Tempting as it is to accuse this mufti of casuistry, or simply of going Talibananas, he does have a point. TV is a source of misery. I appreciate that there are myriad reasons for our increased propensity for unhappiness today, but, with sincere apologies to spiked‘s TV man Dolan Cummings, I do think that Baird’s baby is partly to blame.

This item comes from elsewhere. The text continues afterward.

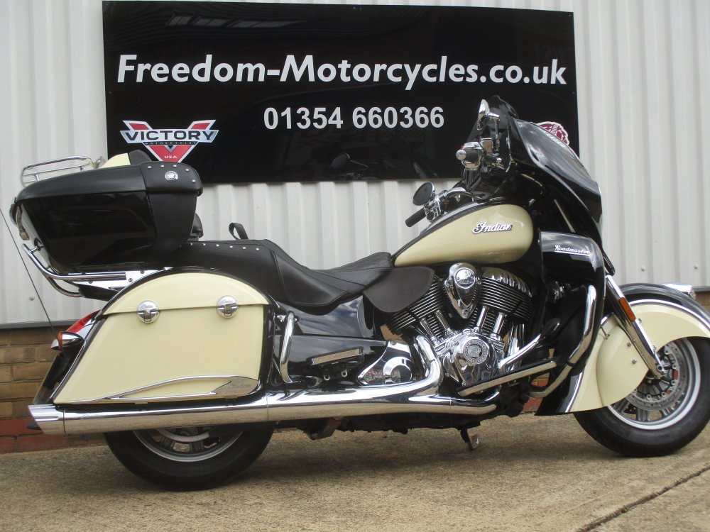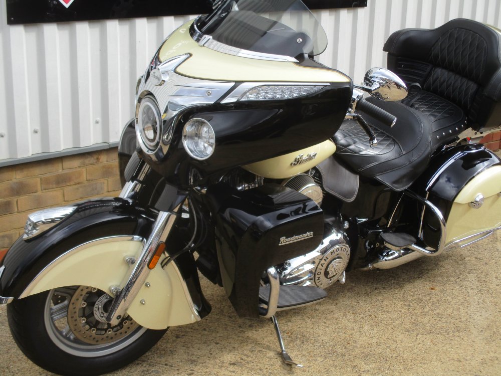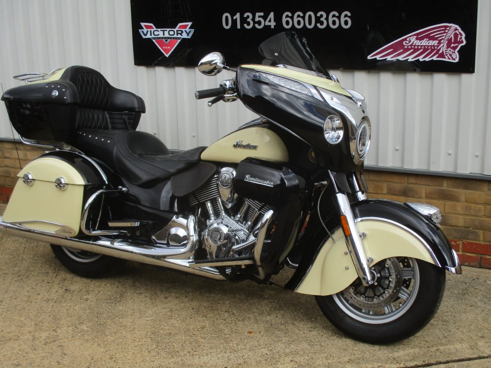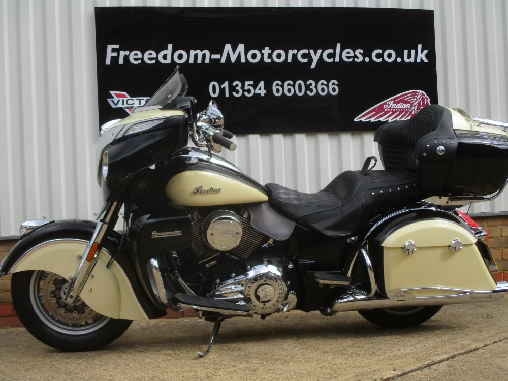 Indian Roadmaster 2016 previously supplied by our store from new and has only had one former keeper.. The machine has only covered 11875 miles from new and comes with all original paperwork and keys. Finished in the two tone gloss Black & Cream the bike is a real head turner, ready to soak up the mile with the effortless 1811cc engine.There is a host of features fitted to the top of the range tourer : cruise control, heated grips Tpms, heated seats front a rear, radio, keyless ignition, remote locking, driving lamps. This two owner machine is also fitted with a huge list of Indain extra's : stage one exhaust, Indian air Intake, Saddlebag protectors, LED Headlight, Kuryakyn Engine dress kit, High level top bow brake light, chrome saddlebag trims, front fairing chrome trim kit, Captain kit cylinder cover, fender extender, Stage two cam shaft's .The extra's on this machine will far exceed £3000.00 The top box will fit two full face helmets comfortably or if you wish to use the bike as a bagger the topbox will clip off with not too much trouble. Please feel free to come and view this stunning machine as the spec needs to be seen to be appreciated.

Take the 1980s comedy Cheers, currently being given another airing on Channel 4 at lunchtimes. Cheers is a bar full of laughter, tears, warmth, a place ‘where everybody knows your name/and they’re always glad you came’. Yet have you ever visited a pub that remotely resembles Cheers? Ever? Where are the fights, the dull nights, the surly bloke who knows your name, only because he thinks it is ‘Phil’ or ‘Dave’ and you’re too polite to correct him? Solo drinkers just aren’t like Norm and Cliff. They are more Barney from Simpsons, a programme that in the shape of Mo’s Bar, depicts the spirit of public houses with brutal honesty.

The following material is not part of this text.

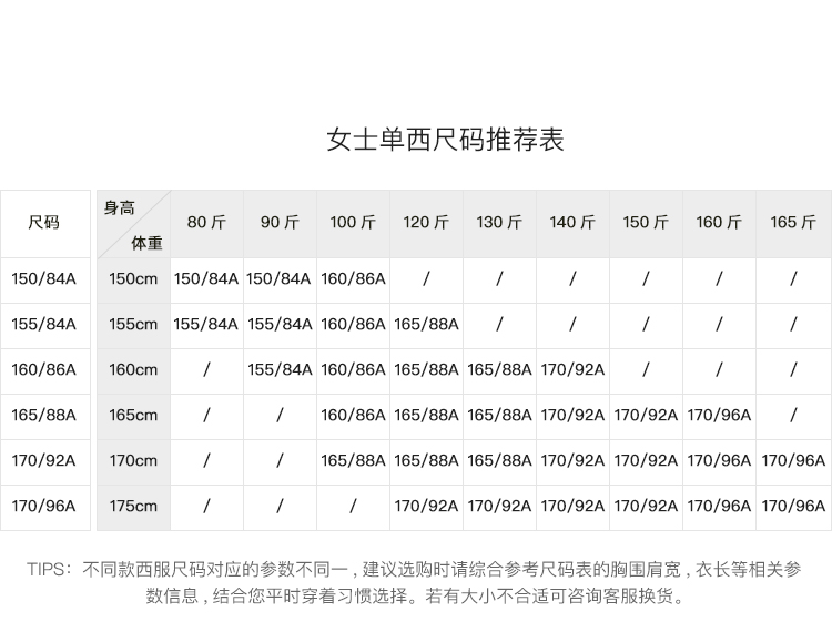 China (cm) 160-165/84-86 165-170 / 88-90 167-172 / 92-96 168-173 / 98-102 170-176 / 106-110

TV simply raises our expectations to impossible levels. It fools us into believing that we are missing out on a better life. People watch programmes like Cheers and then wonder why their local doesn’t have that same kind of camaraderie or community spirit. They watch Friends and start to wonder why they don’t have such close, funny and rich friends. They observe Sex and The City or This Life and are consumed by the fear that they too should be going out shagging and falling in love all the time. Even the whining residents of Albert Square enjoy a communal bond in the Queen Vic that you won’t find in real life.

This is because in real life everybody watches too much TV. To put it another way, have you noticed that people on TV are rarely caught watching the thing themselves? That’s their secret to happiness. I’ve certainly noticed that in real life the saddest people with the most vacuous lives are the ones that watch the most TV.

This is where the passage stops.